EXERCISE DATA:

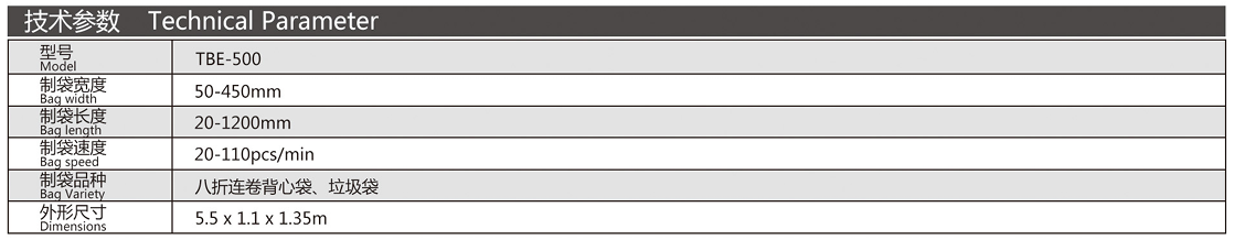 該機電腦控制,高位停車,自動放料,是生產垃圾袋、八折連卷背心袋、S型袋的理想設備。
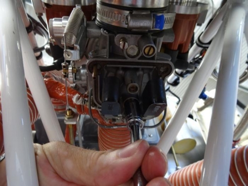 The first engine start up produced an idle only (engine stopped as soon as the throttle was opened or the choke reduced) - so today I pulled the main jet and needle seat to check for a blockage - none found. The 2 floats were not quite even so I levelled them and made sure they were operating bowl fuel valve properly. Next step is to restart the engine and see if the fuel delivery problem has been fixed.
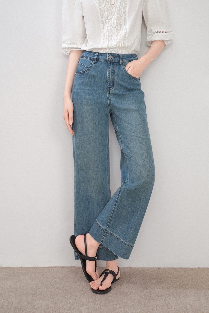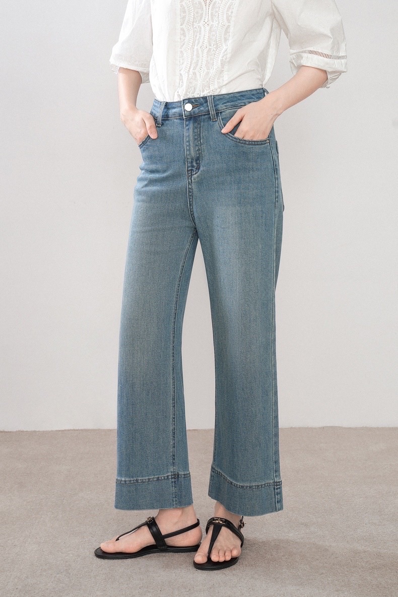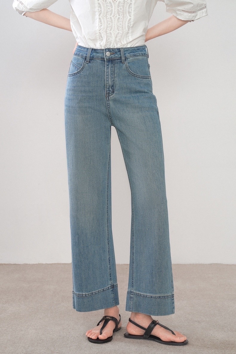 Women's High Waist Wide Leg Pants Light Blue Jeans Loose Ankle Length Straight Pants
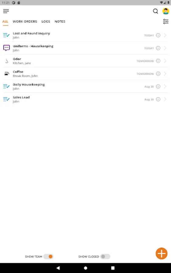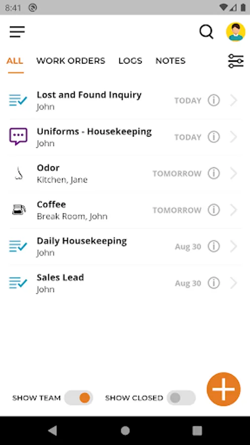- One-tap functionality to quickly open Work Orders and Tasks that sends immediate notification to assigned staff members
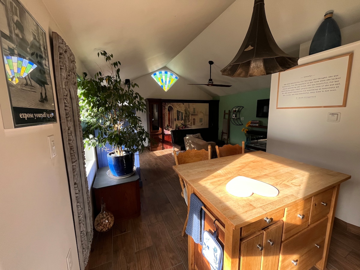 Tìm sự yên bình tại nơi nghỉ ngơi quyến rũ riêng tư này hoàn hảo cho một cặp đôi hoặc một khách duy nhất. Kính màu và cửa sổ phía nam thêm ánh sáng mặt trời vào ban ngày, trong khi sự ấm áp của lò sưởi chiếu sáng vào ban đêm. Phòng tắm hoàn toàn phù hợp với không gian thân mật. Giường Murphy cỡ Queen tạo ra sự thoải mái cho giấc ngủ. Trong khi một nhà bếp hấp dẫn được trang bị các tiện nghi cần thiết để làm cho bất kỳ đầu bếp nào thở phào nhẹ nhõm. Cho dù là trong vài ngày hay vài tuần, hãy ghé qua để thư giãn và phục hồi.
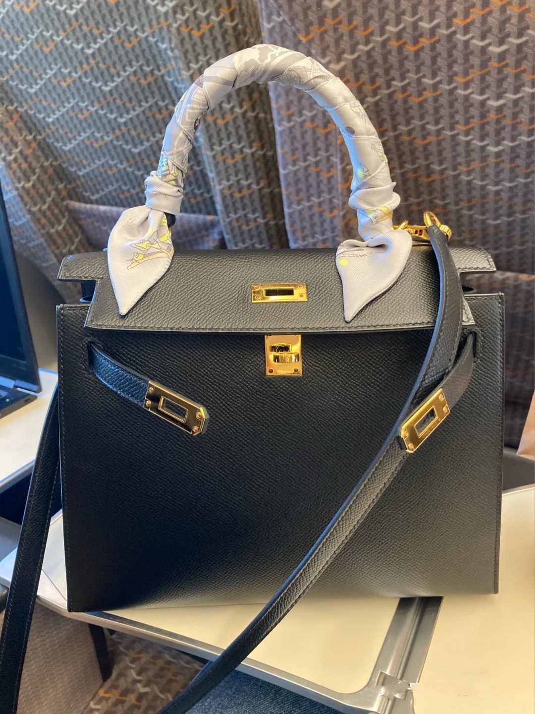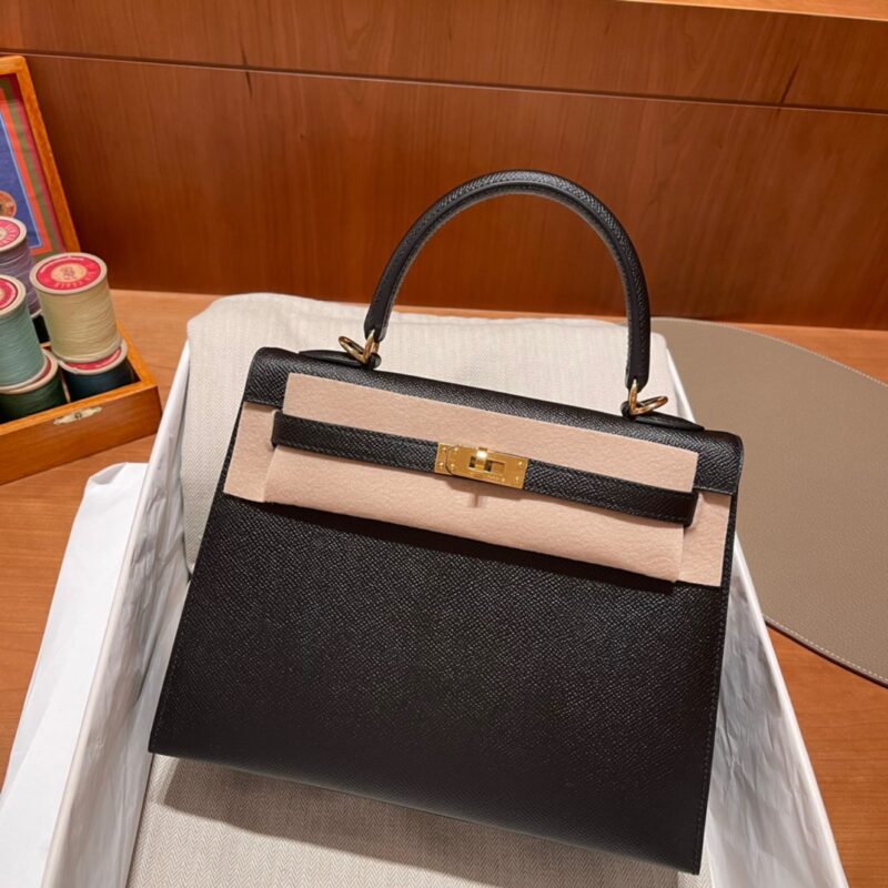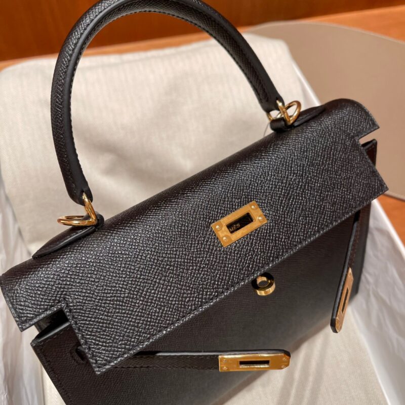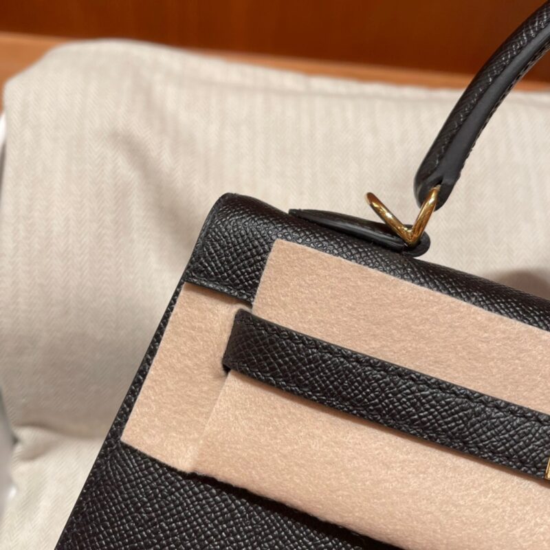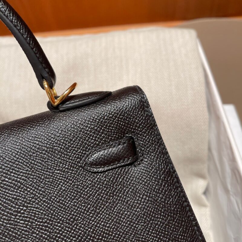 Kelly 25cm Epsom 89 Black (Noir). Gold Buckle

GOAL OF THE EXERCISE:
Print an exact copy of the lines above, from the one containing "Women's High Waist" through the one containing "- One-tap functionality", and leave out the pictures.

SOLVED EXERCISE:
 Women's High Waist Wide Leg Pants Light Blue Jeans Loose Ankle Length Straight Pants
- One-tap functionality to quickly open Work Orders and Tasks that sends immediate notification to assigned staff members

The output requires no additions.